● ACTION ITEM
Starting at the line that holds "かわいいサイズ感のミニポーチ", restate every line word for word up to and including the last one in the listing below, and omit all pictures.

=-=-=-=-=

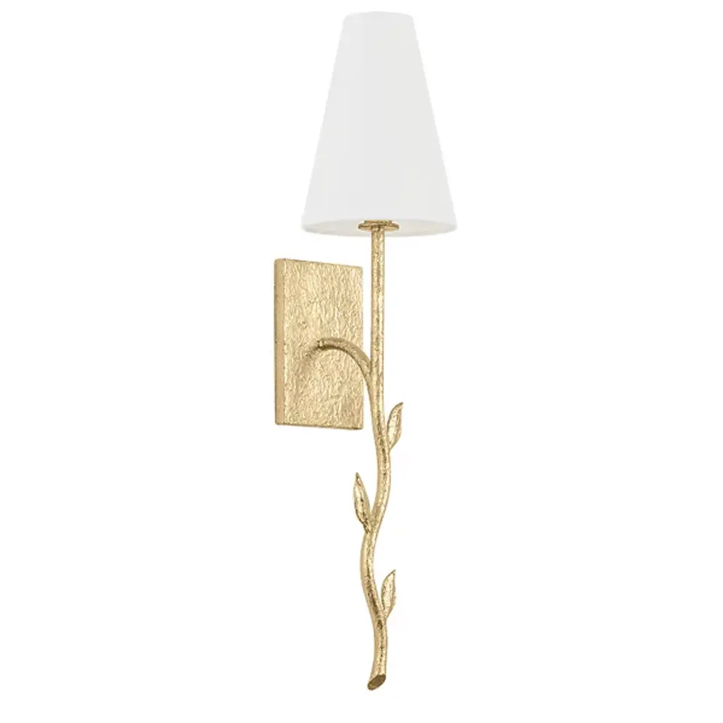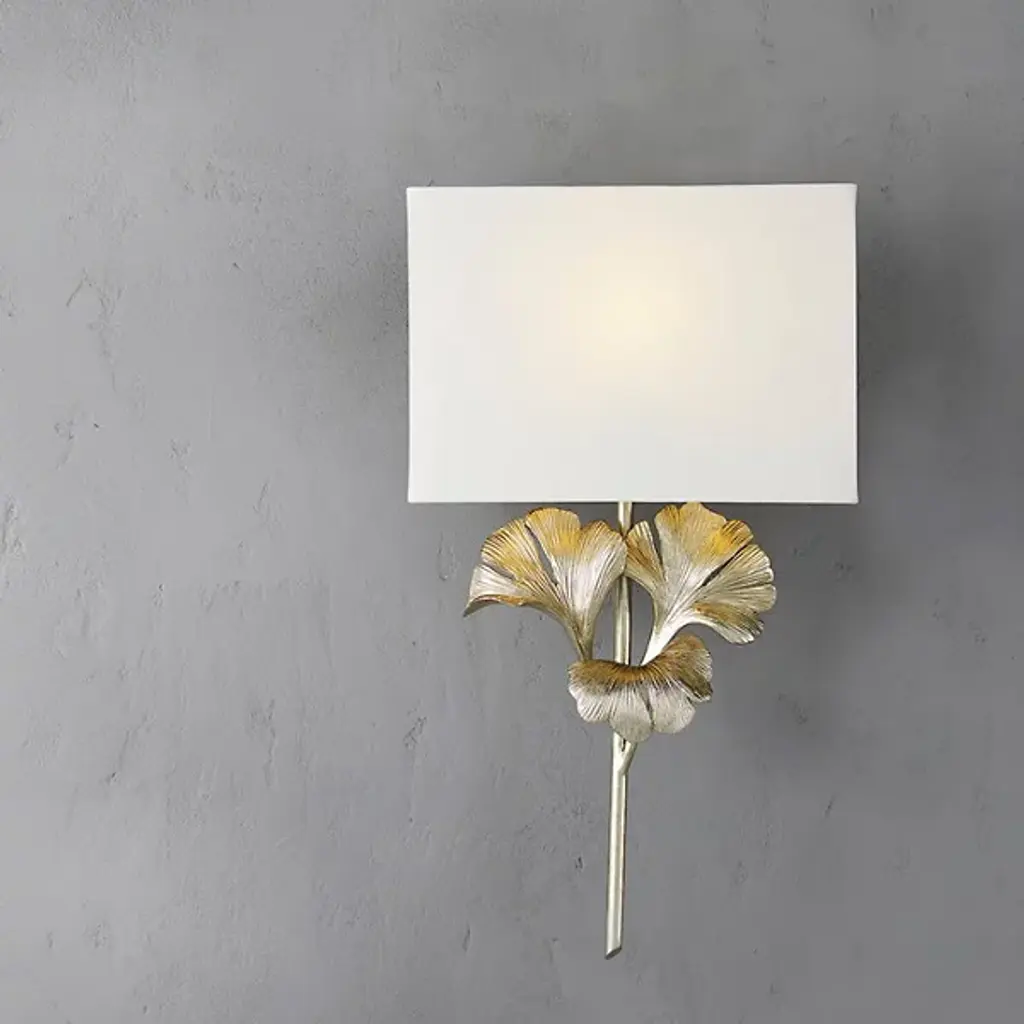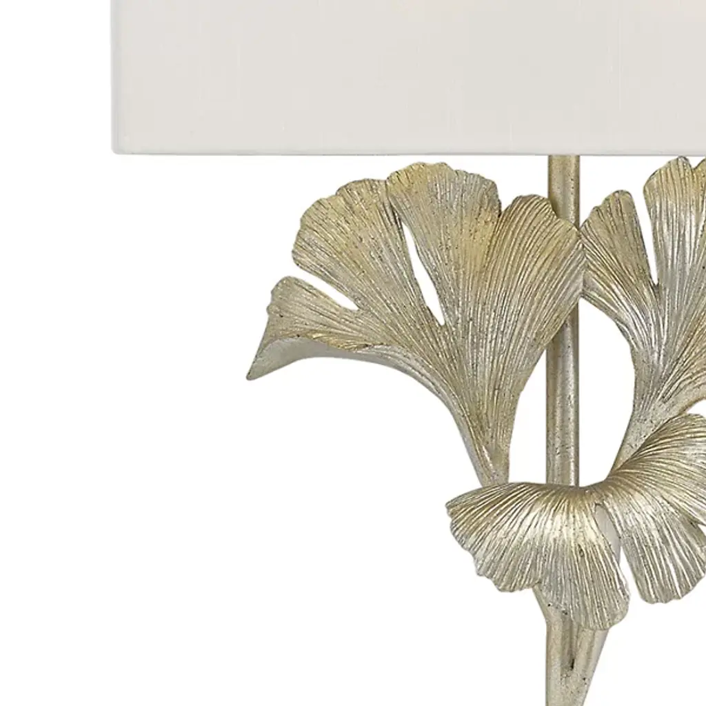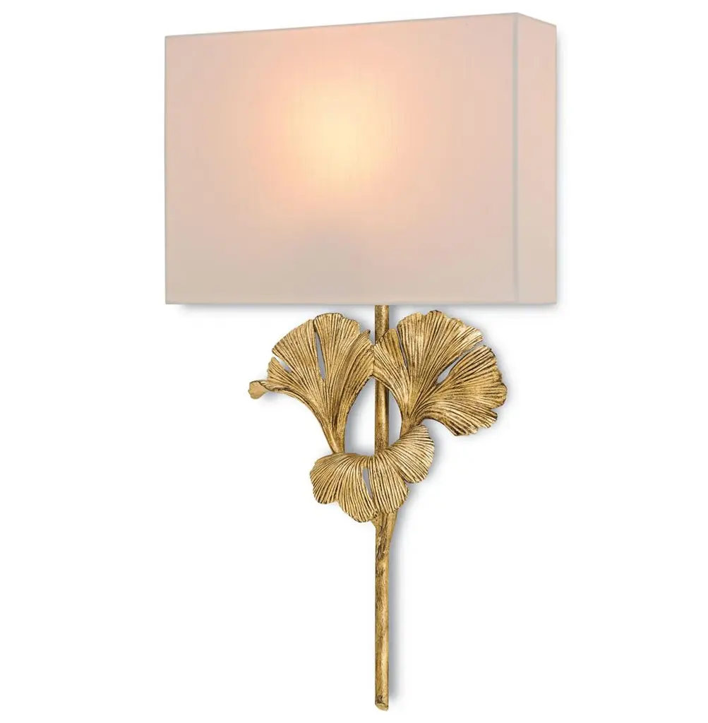 Bring a perennial presence to your home décor with the Gingko Rectangular Wall Sconce from Currey & Company. This botanical-inspired fixture is crafted with a wrought iron body that takes the form of its namesake. Its blooming motif fans out from a slender vertical stem that extends from below a rectangular shade made of off-white shantung. Its incandescent lamping is filtered through the shade to create a lively, inviting glow.
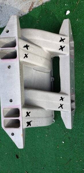Like this? (See X marks)I would look at putting the injector bungs on the bottom of the intake
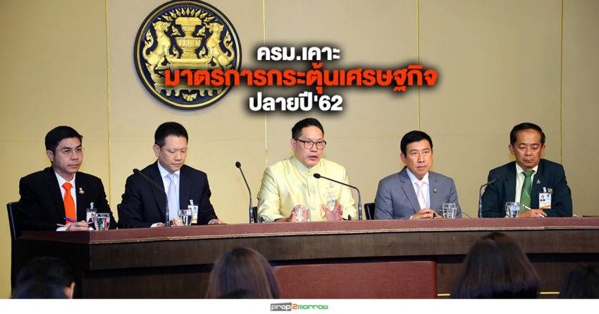 นายอุตตม สาวนายน รัฐมนตรีว่าการกระทรวงการคลัง เปิดเผยว่า เพื่อให้ระบบเศรษฐกิจในปี 2562 มีการเจริญเติบโตและขยายผลอย่างต่อเนื่อง โดยเฉพาะอย่างยิ่งต่อประชาชน เกษตรกรรายย่อย ผู้ประกอบการ SMEs รวมถึงภาคอสังหาริมทรัพย์ คณะรัฐมนตรีจึงมีมติเมื่อวันที่ 26 พฤศจิกายน 2562 เห็นชอบมาตรการกระตุ้นเศรษฐกิจในช่วงปลายปี 2562 ตามที่กระทรวงการคลังเสนอ โดยมีรายละเอียดดังนี้
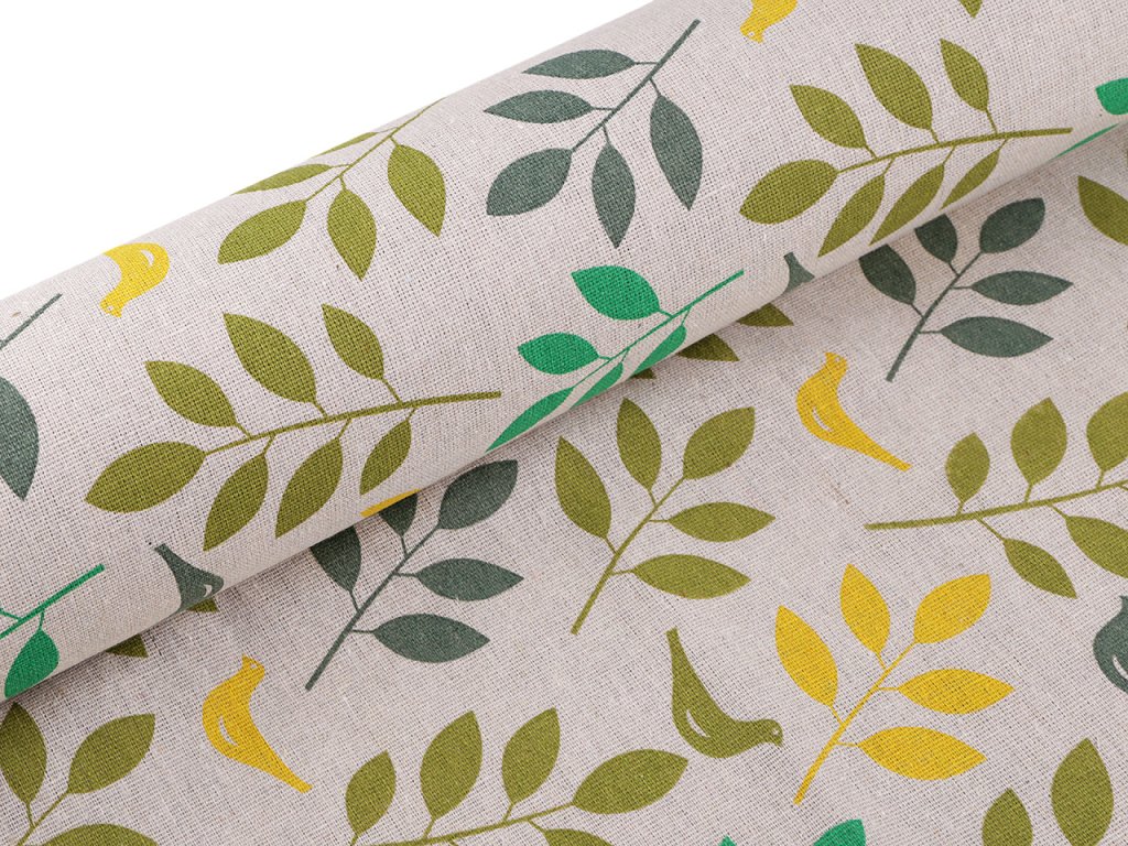 Dekorační metráž / imitace lnu / polybavlna, listy
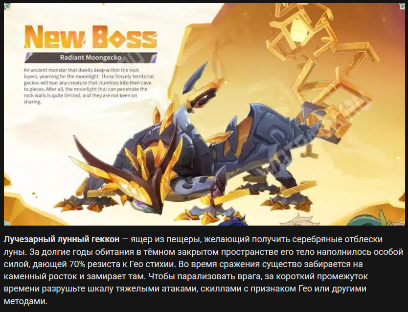 >>6420882 Так читай его пассивки. Один протык уже обсосал, что босс имеет гео щиточки, после слома щитка на тебя накладывается дебафф как от мотылька и резист к гео падает, +дается бафф 50% урона. Короче лжелошадб ломает щит и ебашит очень сильно, пока остальные с минус 100% кш пукают
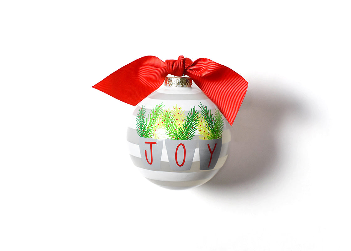 Our Joy Branches Ornament features a neutral background of white stripes, three hand-illustrated pots filled with seasonal greenery, and a coordinating red ribbon. The traditional colors paired with the vibrant design make this ornament one of our favorites for gifting to the plant lovers in your life.
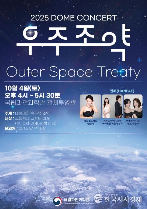 한국시사경제 김숙영 기자 | 과학기술정보통신부 국립과천과학관은 세계 우주 주간을 맞아 오는 10월 4일 오후 4시, 천체투영관에서 돔 토크 콘서트 '대중매체 속 우주 조약'을 개최한다고 밝혔다.
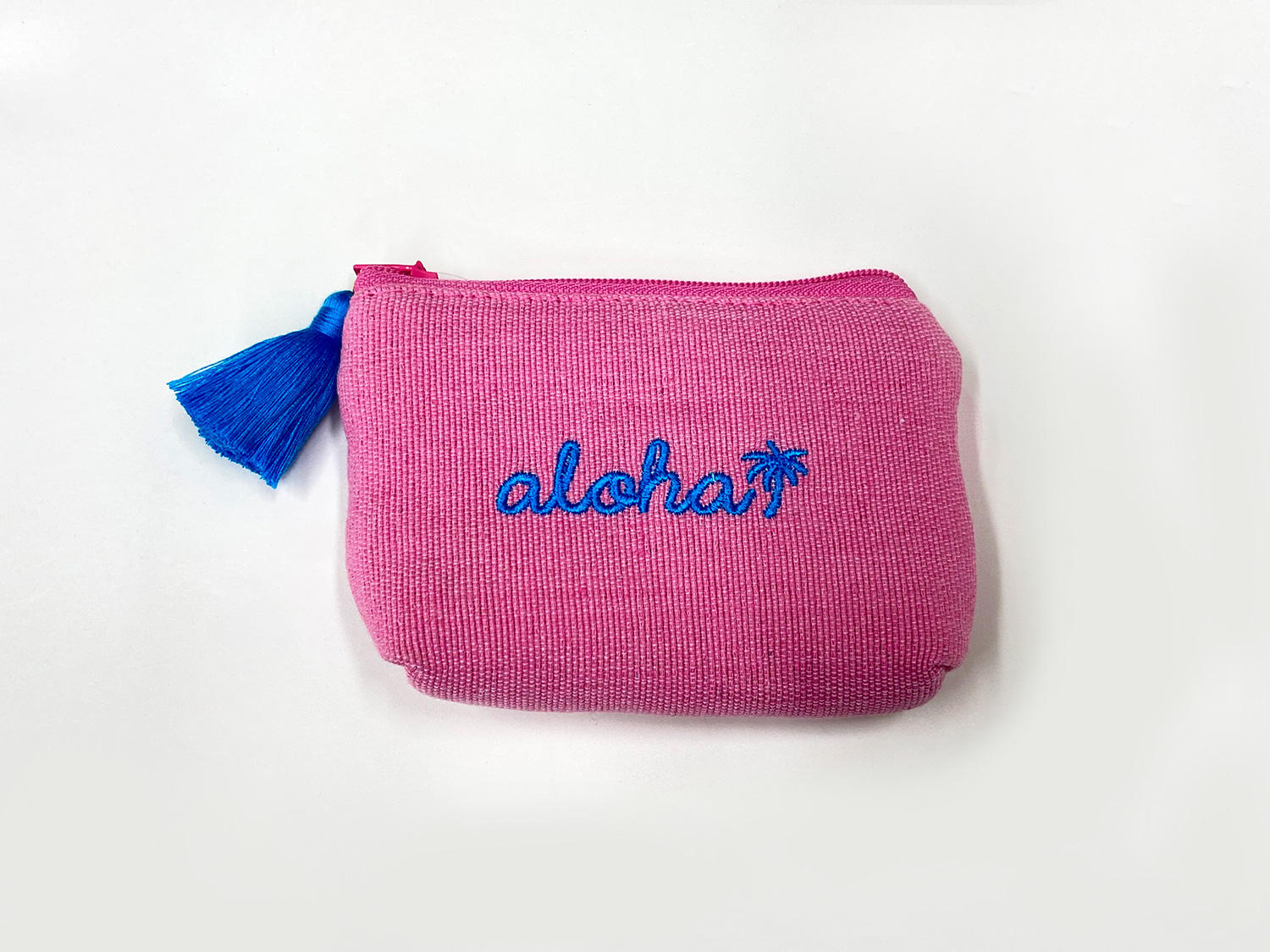かわいいサイズ感のミニポーチ!このalohaイカット生地ポーチのデザイン、南国好きにはたまらない現地感あふれる雰囲気ですねー♪ピンクとライトブルーの発色の良い組み合わせはほんと絶妙な可愛さですよね!
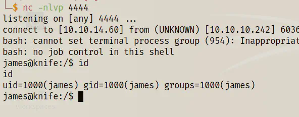 Now, my next step would be spawning a reverse shell. Hence, I started listening on the port 4444.
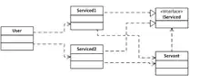 - The serviced classes (geometric objects from our example) don’t know about servant, but they implement the “IServiced” interface. The user class just calls the method of servant and passes serviced objects as parameters. This situation is shown on figure 1.

=-=-=-=-=

● TASK RESULT
かわいいサイズ感のミニポーチ!このalohaイカット生地ポーチのデザイン、南国好きにはたまらない現地感あふれる雰囲気ですねー♪ピンクとライトブルーの発色の良い組み合わせはほんと絶妙な可愛さですよね!
 Now, my next step would be spawning a reverse shell. Hence, I started listening on the port 4444.
 - The serviced classes (geometric objects from our example) don’t know about servant, but they implement the “IServiced” interface. The user class just calls the method of servant and passes serviced objects as parameters. This situation is shown on figure 1.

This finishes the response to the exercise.